Transcribe the lines below exactly, beginning with the line that holds "イサミエプロンにとどまる、葛" and ending with the final line, both included. Pictures are to be left out.

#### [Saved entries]
# # # # # # #

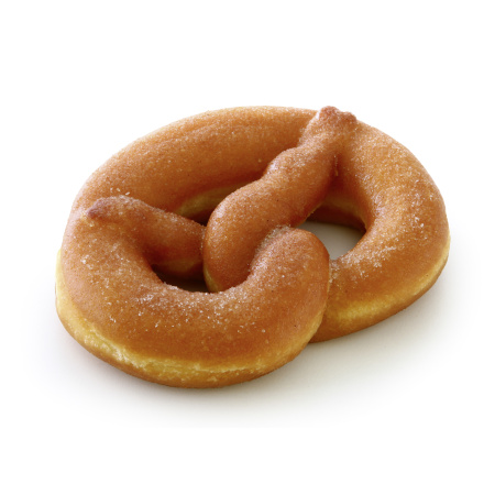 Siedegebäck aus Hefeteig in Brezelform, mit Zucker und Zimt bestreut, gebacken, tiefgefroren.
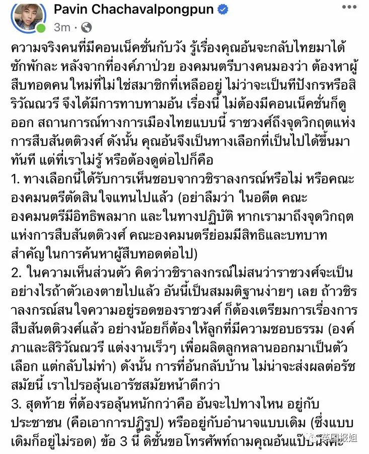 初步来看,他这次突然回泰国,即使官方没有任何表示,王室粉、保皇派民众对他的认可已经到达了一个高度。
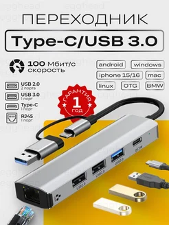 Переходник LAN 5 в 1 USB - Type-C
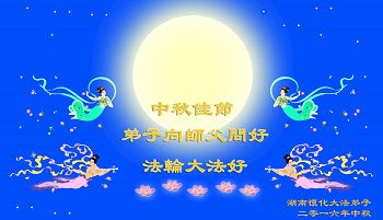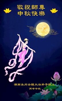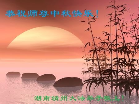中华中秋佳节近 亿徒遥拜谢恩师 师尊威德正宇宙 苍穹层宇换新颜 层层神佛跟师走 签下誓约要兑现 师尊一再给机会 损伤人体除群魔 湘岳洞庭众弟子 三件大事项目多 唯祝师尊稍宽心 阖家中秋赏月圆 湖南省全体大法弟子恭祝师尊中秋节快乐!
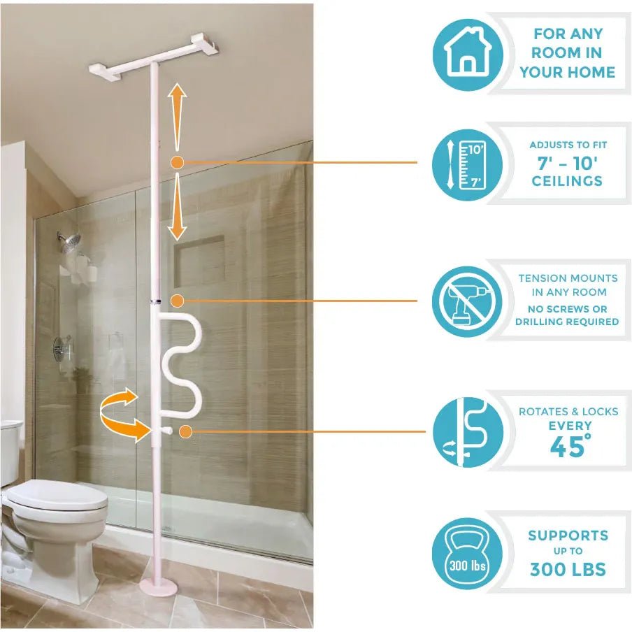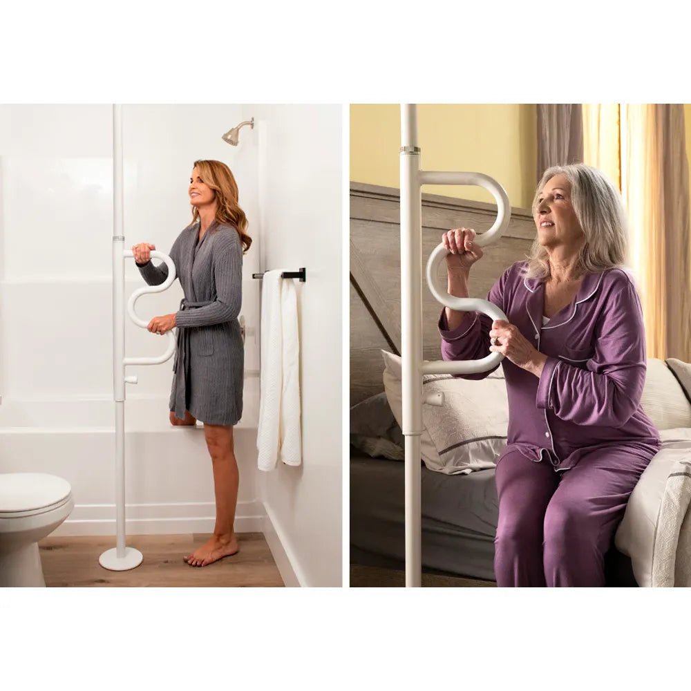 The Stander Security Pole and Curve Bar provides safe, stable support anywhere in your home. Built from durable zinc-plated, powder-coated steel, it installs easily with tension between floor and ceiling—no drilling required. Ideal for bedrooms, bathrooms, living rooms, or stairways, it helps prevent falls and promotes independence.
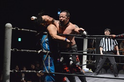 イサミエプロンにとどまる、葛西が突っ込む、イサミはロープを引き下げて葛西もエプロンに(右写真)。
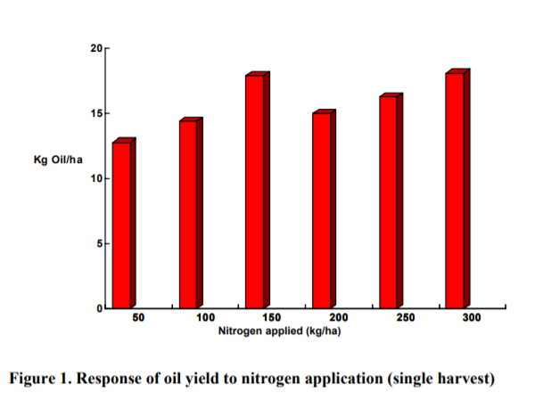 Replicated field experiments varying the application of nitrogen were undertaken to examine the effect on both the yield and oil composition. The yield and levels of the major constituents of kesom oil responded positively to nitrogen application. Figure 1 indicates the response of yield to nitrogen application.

# # # # # # #

#### [Solution below]
 イサミエプロンにとどまる、葛西が突っ込む、イサミはロープを引き下げて葛西もエプロンに(右写真)。
 Replicated field experiments varying the application of nitrogen were undertaken to examine the effect on both the yield and oil composition. The yield and levels of the major constituents of kesom oil responded positively to nitrogen application. Figure 1 indicates the response of yield to nitrogen application.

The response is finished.